I am probably a bit late for some of you, but not all nicks are created equally. Two identical coins with the same identical nicks could easily get two different grades merely due to the location of the nicks. In the pictures below, nicks in the red area are the most serious, then orange, yellow, green and then blue. The rims for all coins I see are blue (least critical) while the faces of all coins are red - the most critical. I wish I could give you a factor to go by, but Official Guide to Coin Grading and Counterfeit Detection does not present that information. Here are just a couple examples from their book.
The important thing to gather from this is: Marks in the prime focal areas are much worse than the same marks elsewhere. Your eye may be immediately drawn to a mark on Liberty's cheek but the same mark hidden in Liberty's hair or in the eagle's feathers is not nearly as noticeable.
Those are great picture! Another good source for similar drawings with primes areas, refer to the ANA Grading Standards book. ---- What's up Merc! Hey I thought you weren't going to get in heavy after your last bout of coin addiction LOL It's a tough habit to break for sure. What ever you do, don't touch currency! OMG I am broke every month buying this stuff! I rather have coins or currency with numismatic value in my safe any day over some deprecating federal reserve notes in my savings account!
I know he got those images from the PCGS book, but I believe they were originally lifted from the NCI Grading guide.
Good info! Speaking of rim nicks, what's your opinion of this one? Would it grade cleanly? If yes, what grade? Lance.
Not really my area, buy my guess is yes, they would grade it. Without the nick, I would say AU-53. With it, 50 or maybe 45.
LOL...memorable coin! It's a petite head, lg letters, N4...a difficult coin. I bought it at a recent Heritage auction, and intended to crack it and put it in my Dansco or raw large cents. This is it before the crack. There's more to the story but I'm not sure anyone is interested. Lance.
I defer to you coin experts, but it seems that some nicks really are nicks. Other "nicks," however, may be planchet defects. It also seems that older coins are more likely to get a "pass." (See below at 9:00) Thoughts? guy
I cannot tell from your pictures if that is a planchet flaw or a nick. As for your older coins getting a pass, you might want to watch http://www.cointalk.com/t190668/. BTW, no one has yet guessed 65. All the rest are taken.
Wish the picture was better for the farthing, but from what I see it does look like a planchet flaw. The 1843 large cent though is NOT a planchet flaw.
Dick, Is there a chance that you can change the orange or red to a like a purple/blue/pink? I am colorblind and having difficulty separating the colors..I "think" I can tell them apart but don't want to guess. Also thanks for taking the time to right this up..very useful knowledge to have!
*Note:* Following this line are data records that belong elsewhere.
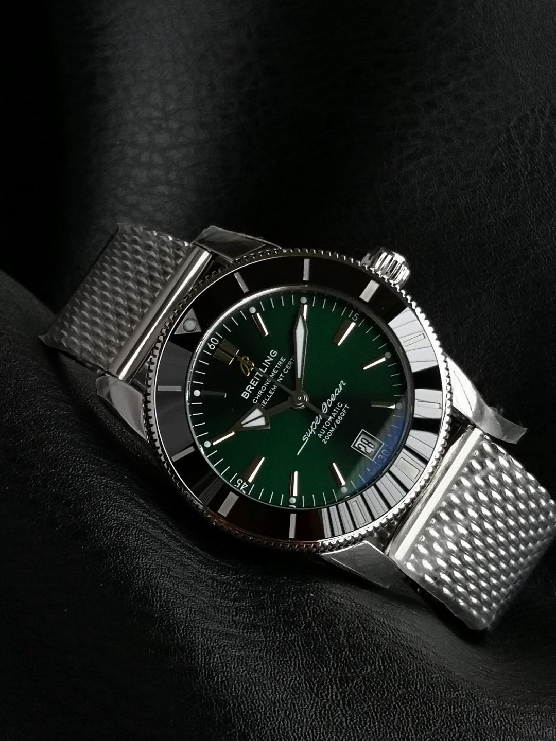 Unlike the typical rugged demeanor of diving watches, this Breitling model offers a more streamlined aesthetic. Its design draws inspiration from the original 1950s Superocean model, marrying the robust qualities of its predecessor with a contemporary flair. It’s not just a timepiece but a statement—one that encapsulates both historical prestige and modern elegance.
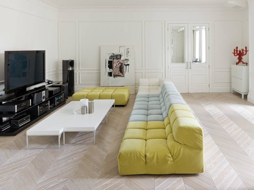 Диван с оттоманкой в интерьере: модульный тип мебели
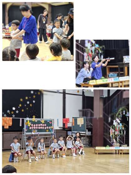 先生からは、七夕のお話を劇にして紹介しました。織姫と彦星は無事天の川で再会することができました。よかったですね。
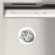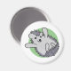 This magnet features a pen drawing of a cute little hedgehog with a smile on his face and a lot of energy. Behind the woodland animal is a green circle.
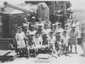 Ships crew and marines H.M.S. Phoebe February 1941 Mediterranean Sea. Greece and Crete evacuation. Kalamata Bay.
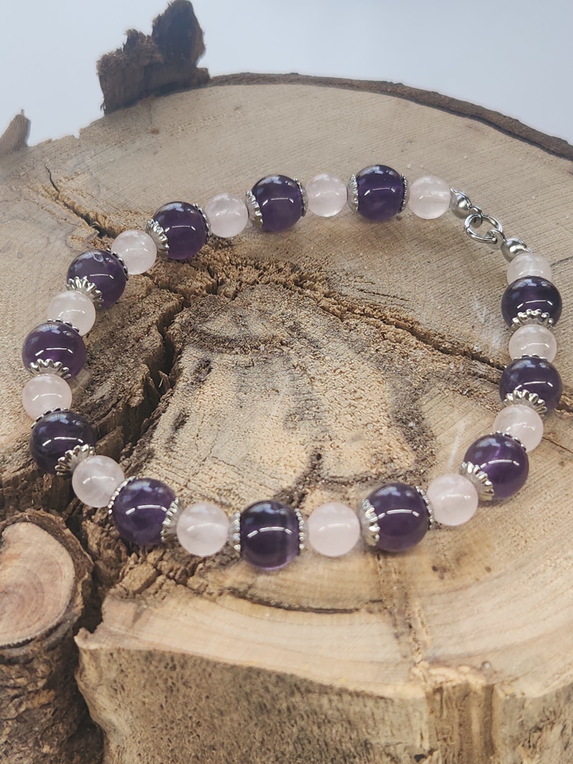 Amethyst has been attributed with prosperity, serenity, and sweet dreams. It helps us discard old, negative influences and habits. Rose quartz is a stone known for unconditional love, compassion, forgiveness, and self-love. Together they may bring a new calm, love, and self acceptance.
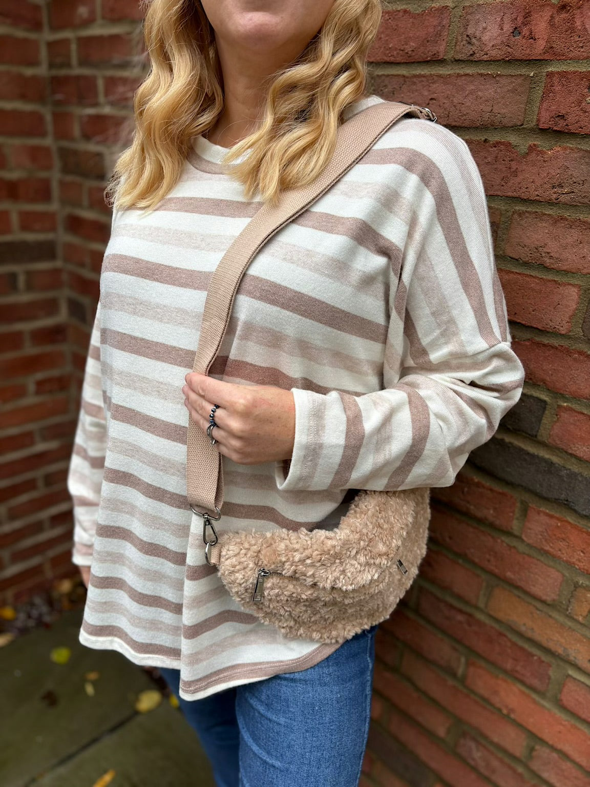 Styled with....>Stone Teddy Fleece Crossbody Bag/ Stone Ebony Trainer
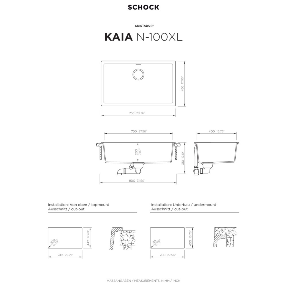 Korito se lahko namesti na vsadni (KAIN100XLA), podvgradni (KAIN100XLU) ali ploskovno-vsadni (KAIN100XLFB) način brez dodatnih CNC obdelav.
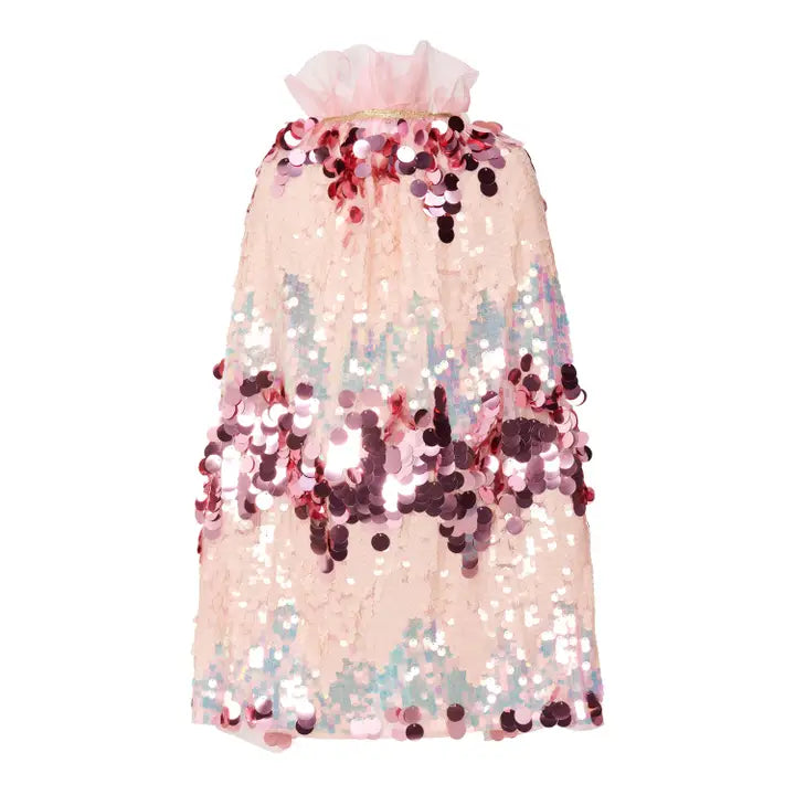 This unique tulle princess cape is studded from top to bottom with shiny sequins in various sizes and in various shades of pink.
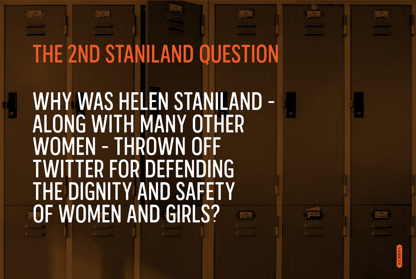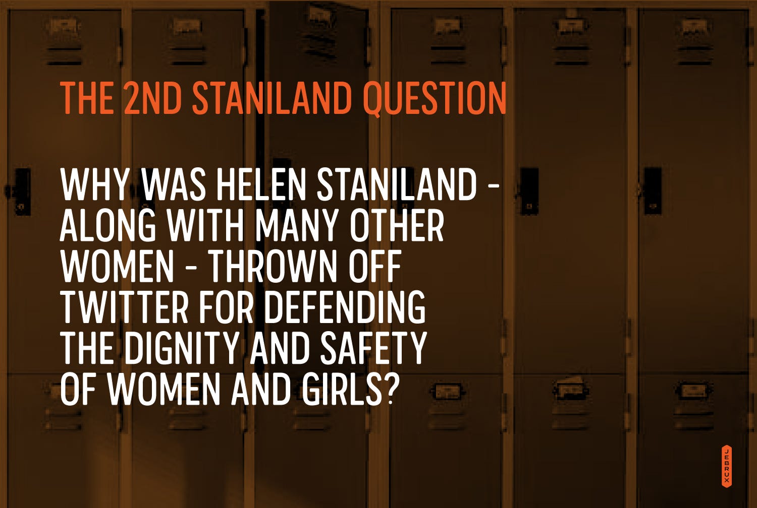 Helen finally got booted, after months of being harassed by incels, for asking The Staniland Question: “Do you believe that male-sexed people should have the right to undress and shower in a communal changing room with women and girls.”

I do not think so. When I selected a color, too many of the shadows also showed as the same color. Just talking about the Lincoln, Abe's face, the date, and the wheat lines are the most serious and only the rims are blue or the least serious. I think you should be able to pick out the rest.
Thanks for posting that great graphic - very helpful. If only the grading services were consistent about that. I have two Morgans with scratches on the wings that that were graded pretty harshly and I've seen others with hits in worse places - like in one I'm thinking of with the same date and mint, with a chunk taken out of the date, that graded cleanly. Go figure.